Fallen Ihnen andere Begebenheiten ein, die dem vergleichbar sind, was da in Sachsen passiert ist?

Die Rohheit und Aggressivität erinnern mich zum Beispiel an den inszenierten Volkszorn in Libyen und anderen arabischen Ländern im Jahr 2012. Ein schlecht gemachtes YouTube-Video, das man als Schmähung des Propheten Mohammed empfand, war damals der Initialzünder für Ausschreitungen, in denen unter anderem Botschaften attackiert und Fahnen verbrannt wurden. Der politische Hintergrund war ein anderer, aber die psychologischen Mechanismen sind ähnlich.

Um mal ein unpolitisches Beispiel zu nehmen: Inwiefern ähnelt und unterscheidet sich der Mob in Clausnitz von einer Horde aufgebrachter Fußballfans, die fäusteschwingend den Mannschaftsbus belagern?

Auf den ersten Blick überwiegen Gemeinsamkeiten: Es gibt ein Feindbild, die Horde besteht ausschließlich oder überwiegend aus Männern, vorwiegend jungen Männern, man sieht kollektive Wut, oft auch unter dem Einfluss von Alkohol. Allerdings ist ein Mob à la Clausnitz vielschichtiger und alarmierender, denn er ist aus meiner Sicht Folge einer schleichenden Entwicklung in der Gesellschaft und Politik über die letzten Jahre, wenn nicht Jahrzehnte hinweg.
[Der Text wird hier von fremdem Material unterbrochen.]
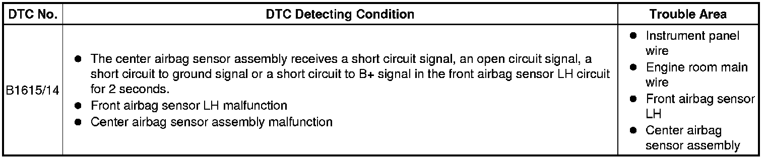 SUPPLEMENTAL RESTRAINT SYSTEMS: AIRBAG SYSTEM: B1615/14: Front Airbag Sensor LH Circuit Malfunction
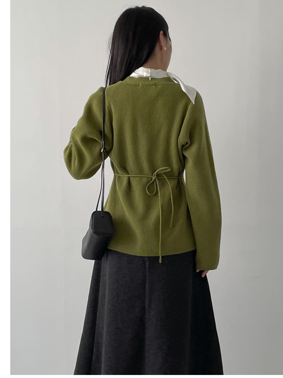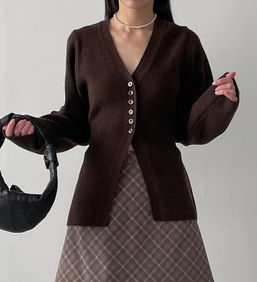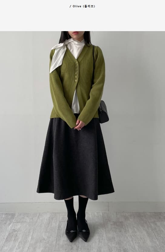 [wool50%] Glass Wool V-Neck Cardigan

Die Psychologen Thomas Fenzel und Constantin Malik nennen diese unterschwelligen gesellschaftlichen Entwicklungen „Phänomene erster Ordnung“. Sie bereiten den Boden für die „Phänomene zweiter Ordnung“, nämlich die kurzen explosiven, sichtbaren Ausbrüche, wie wir sie in Clausnitz erlebt haben.

Hat sich da unterschwellig schon seit langem eine politisch gleichgesinnte, latent aggressive Masse gebildet, die viel größer ist als der sichtbare Mob?
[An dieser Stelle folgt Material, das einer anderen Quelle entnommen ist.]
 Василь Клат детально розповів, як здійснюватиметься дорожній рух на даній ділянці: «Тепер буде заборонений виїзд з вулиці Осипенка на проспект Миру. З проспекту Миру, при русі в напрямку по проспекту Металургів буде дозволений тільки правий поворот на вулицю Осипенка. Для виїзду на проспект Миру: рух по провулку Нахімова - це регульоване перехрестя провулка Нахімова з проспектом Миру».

Die Möglichkeit ist zumindest nicht von der Hand zu weisen, dass sich in Teilen der Bevölkerung eine entsprechende Stimmungslage ausgebreitet hat.

Was passiert in dem Moment, in dem sich solche Gleichgesinnten zusammenfinden? Entsteht da eine Eigendynamik, die sie von einer Ansammlung von Individuen zu einem Mob werden lässt?

Aus den Polizeiberichten geht meines Wissens nicht genau hervor, auf welche Weise sich diese Menschen zusammengerottet haben. Aber mir scheint plausibel, dass da zunächst Leute zusammenkamen, die eine ablehnende, negative Grundstimmung gegen die Aufnahme von Flüchtlingen einte, die noch nicht notwendigerweise Gewaltbereitschaft umfasst haben muss. Aber aus der Gruppe heraus kann es – vielleicht auch angestachelt von lauten Wortführern – zu Verhaltensweisen kommen, die die meisten Teilnehmer einzeln niemals zeigen und wagen würden. In einer psychologischen Masse herrschen ganz schlichte Verhaltensregeln: Man tut, was die anderen tun, schreit, wenn sie schreien, schaukelt sich gegenseitig auf. Das Verhalten der Einzelnen synchronisiert sich. Eine psychologische Masse kennt dann nur noch eine Meinung, ein Ziel. Da gibt es keinen Widerspruch, keine Diskussion, keine Reflexion. Das Ausmaß an Gewalttätigkeit, das aus dieser Dynamik entstehen kann, ist schwer vorauszusagen.

Welche Rolle spielen Emotionen in diesem Prozess des Hochschaukelns?

Massen sind charakterisiert durch eine einzige einfache, starke Emotion, die alle vereint. Das kann auch Euphorie sein, etwa der Investoren an der Börse, die dann zu Spekulationsblasen führt. Es kann Angst sein, etwa bei einer Massenpanik. Oder eben Wut. Diese Emotion sorgt für eine Gleichrichtung der Masse, sie dominiert alles, alles ist ihr untergeordnet.

Sie haben die psychologische Ansteckung in einer Masse am Computer simuliert. Wie sind Sie da vorgegangen?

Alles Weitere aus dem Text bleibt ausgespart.